New TMA Lawsuit Challenges Big Fee Hike in “No Surprises Act” Arbitration

Fourth Lawsuit Disputes 600% Fee Hike Demanded of Doctors

The Texas Medical Association (TMA) is challenging a 600% hike in administrative fees for seeking federal dispute resolution in No Surprises Act (NSA) situations. TMA seeks relief by filing a fourth lawsuit in the U.S. District Court for the Eastern District of Texas.

This TMA lawsuit against federal agencies challenges a steep administrative fee hike that will strip many physicians and healthcare providers of the arbitration process that Congress enacted. TMA calls the fees “arbitrary and capricious,” contrary to the law, and in violation of notice and comment requirements.

The U.S. departments of Health and Human Services, Labor, and the Treasury, and the U.S. Office of Personnel Management collectively adopted interim final rules implementing the federal surprise-billing law. The rules include establishing the nonrefundable administrative fee all parties must pay to enter the federal independent dispute resolution (IDR) process in the event of a payment disagreement between an out-of-network physician or provider and a health plan in circumstances covered by the law. The situations could occur when emergency services are provided by a doctor or health care provider outside of the patient’s insurance network or when out-of-network services are provided at an in-network facility.

The federal agencies set the initial administrative fee at $50 and announced in October 2022 it would remain at $50 for 2023. Two months later the agencies announced a 600% hike in the fee to $350 beginning in January 2023, “due to supplemental data analysis and increasing expenditures in carrying out the Federal IDR process since the development of the prior 2023 guidance.”

The steep jump in fees will dramatically curtail many physicians’ ability to seek arbitration when a health plan offers insufficient payment for care.

“The problem is that many payment disputes in these cases amount to less than the fees physicians would have to pay to dispute the unfair payments,” said TMA President Gary W. Floyd, MD. “Why would doctors and providers pay the $350 nonrefundable administrative fee to arbitrate a $200 or so payment dispute with a health insurer? The fees deny physicians the ability to formally seek fair payment for taking care of our patients, and that’s just wrong.”

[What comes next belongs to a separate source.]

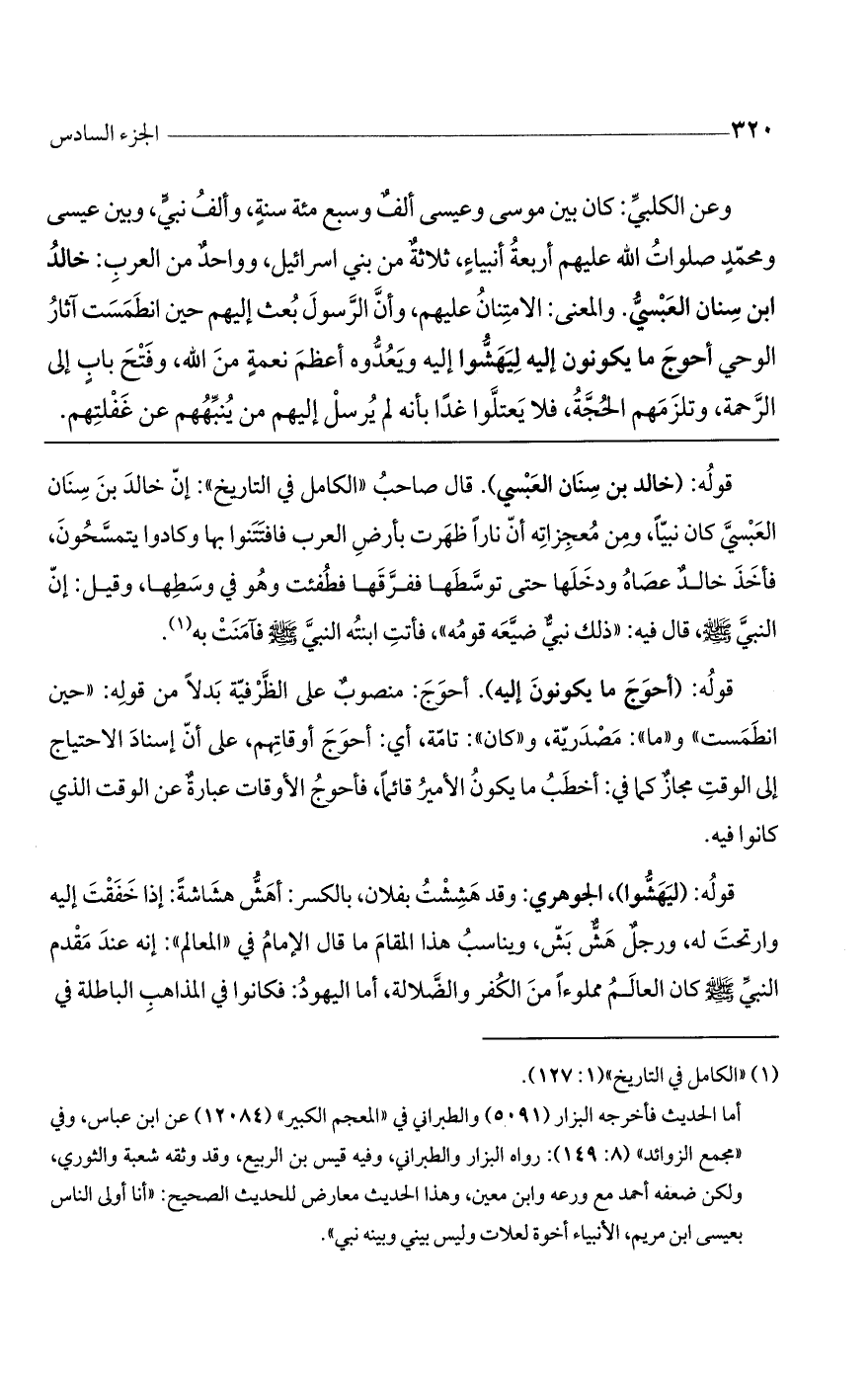 قوله: (خالد بن سنان العبسي). قال صاحب "الكامل في التاريخ": إن خالد بن سنان العبسي كان نبياً، ومن معجزاته أن ناراً ظهرت بأرض العرب فافتتنوا بها وكادوا يتمسحون، فأخذ خالد عصاه ودخلها حتى توسطها ففرقها فطفئت وهو في وسطها، وقيل: إن النبي صلى الله عليه وسلم، قال فيه: "ذلك نبي ضيعه قومه"، فأتت ابنته النبي صلى الله عليه وسلم فآمنت به.

TMA argues the administrative fee hike is difficult for all physician specialties to bear, but especially those specialties that have more small-dollar claims, such as radiology.

The non-refundable administrative fee is in addition to the separate fee that each party must pay the IDR entity for its services, though that fee is refundable to the party that wins the arbitration dispute.

TMA also disputes the rules’ narrowing of the law’s provisions on “batching” claims for arbitration, which Congress authorized to encourage efficiency and minimize costs in the IDR process.

TMA’s first lawsuit – filed in 2021, and which TMA won at the district court level – alleged that in the interim final rules governing arbitrations between insurers and physicians, the agencies unlawfully required arbitrators to “rebuttably presume” the offer closest to the qualifying payment amount (QPA) was the appropriate out-of-network rate. TMA filed its second lawsuit in September 2022 challenging the NSA’s August 2022 final rules published by the federal agencies, alleging the final rules unfairly advantage health insurers by requiring arbitrators to give outsized weight or consideration to the QPA. The court’s ruling on that suit’s December 2022 hearing is anticipated at any time. TMA filed its third lawsuit in November 2022 challenging certain portions of the July 2021 interim final rules implementing the federal NSA. No hearing date has been set for that case, which challenges certain parts of the rules that artificially deflate the QPA.

TMA is the largest state medical society in the nation, representing more than 57,000 physician and medical student members. It is located in Austin and has 110 component county medical societies around the state. TMA’s key objective since 1853 is to improve the health of all Texans.